Guru Reliability: Low. Obscure OL and all that.
General Excitement Level: Similarly low.
Projection: Dunno. Seems stuck behind a probable four-year starter in Schilling and then the Zirbel/Ortmann/Dorrestein trio in front of him. Unlikely to ever play extensively.
|Lemont, Illinois - 6'1" 270|
|Scout||4*, #3 C|
|Rivals||3*, #5 C|
|ESPN||78, #6 C|
|Notes||Thinks ND is smelly.|
Molk is small for an offensive lineman at just 6'1", but the impression the recruiting sites give is that he has all the other attributes you look for in an offensive lineman: intelligence, the proverbial "nastiness," strength. Granted, this is like saying "except for his inability to catch anything, Matt Trannon is an excellent receiver," but if he can get big enough to maintain the POA on the college level he could be a long term starter at center, the only place a guy his size can conceivably play in college.
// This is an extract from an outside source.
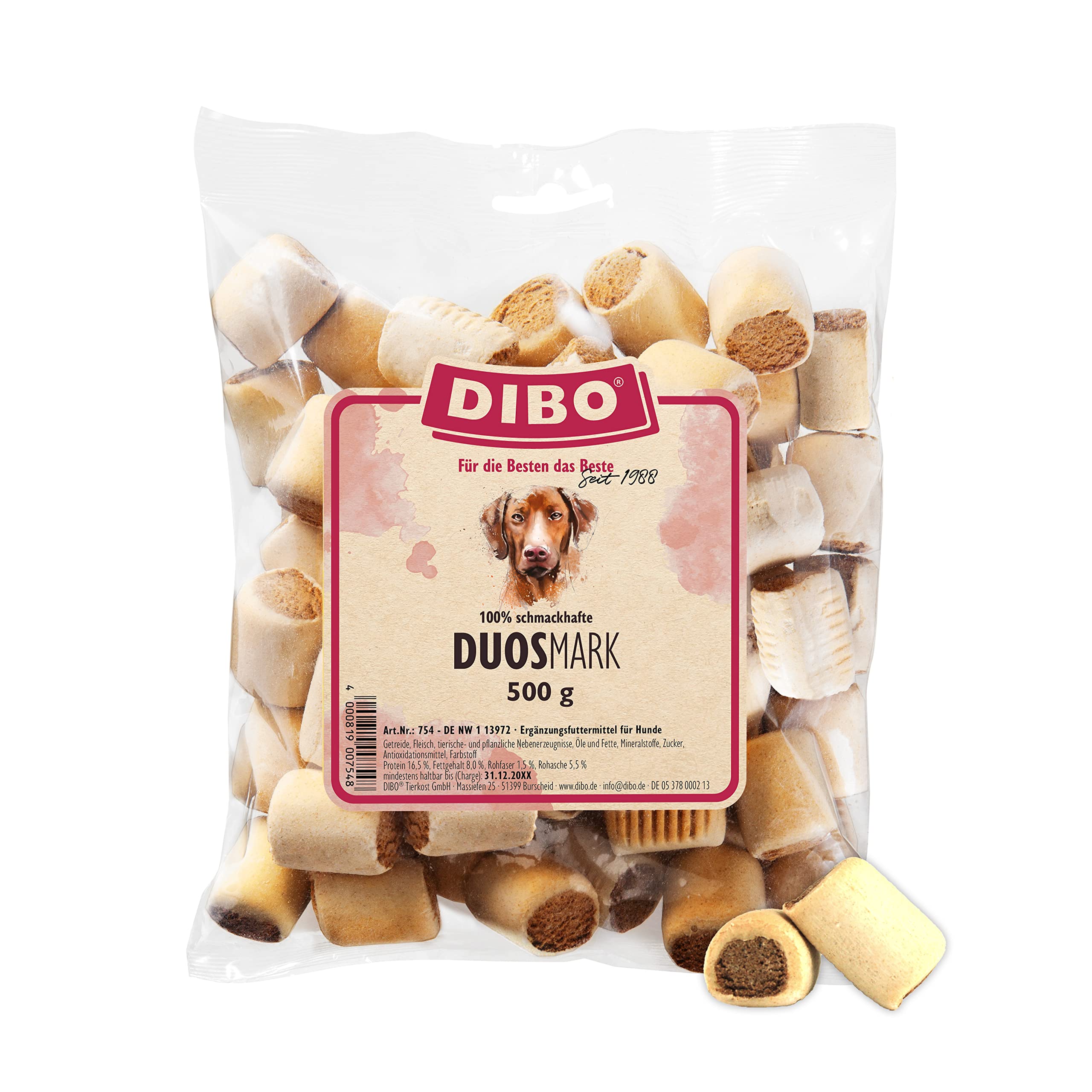 DIBO Duos-Mark, 500g-Beutel, Backwaren als gesunde, natürliche Ernährung für Hunde, Hundefutter, Barf, B.A.R.F., Leckerli, Hundekekse Duos-Mark 500 g (1er Pack)

Scout liked him far better than Rivals. Molk was a member of their top 100 early in the season; when he dropped out he didn't go far, retaining a fourth star and a high positional rating. That '78' bestowed by ESPN roughly corresponds to a mid-four on Scout/Rivals. Lemming is in agreement (Illinois bias alert, though), as he throws all the interior linemen into one pool and fishes Molk out tenth. So everyone other than Rivals has him in the same ballpark.
It seems simple: if Molk can get strong enough he has the other attributes to be a steady collegiate starter, though not a star, and could start for multiple years before being summarily ignored by the NFL.
Guru Reliability: Good. Molk has a clear physical issue that limits his potential but everything else appears to be there.
General Excitment Level: Good pickup and a fine member of an OL class that he's the third best player in. Unfortunately, we don't have that OL class.
Projection: 60% to start a couple years.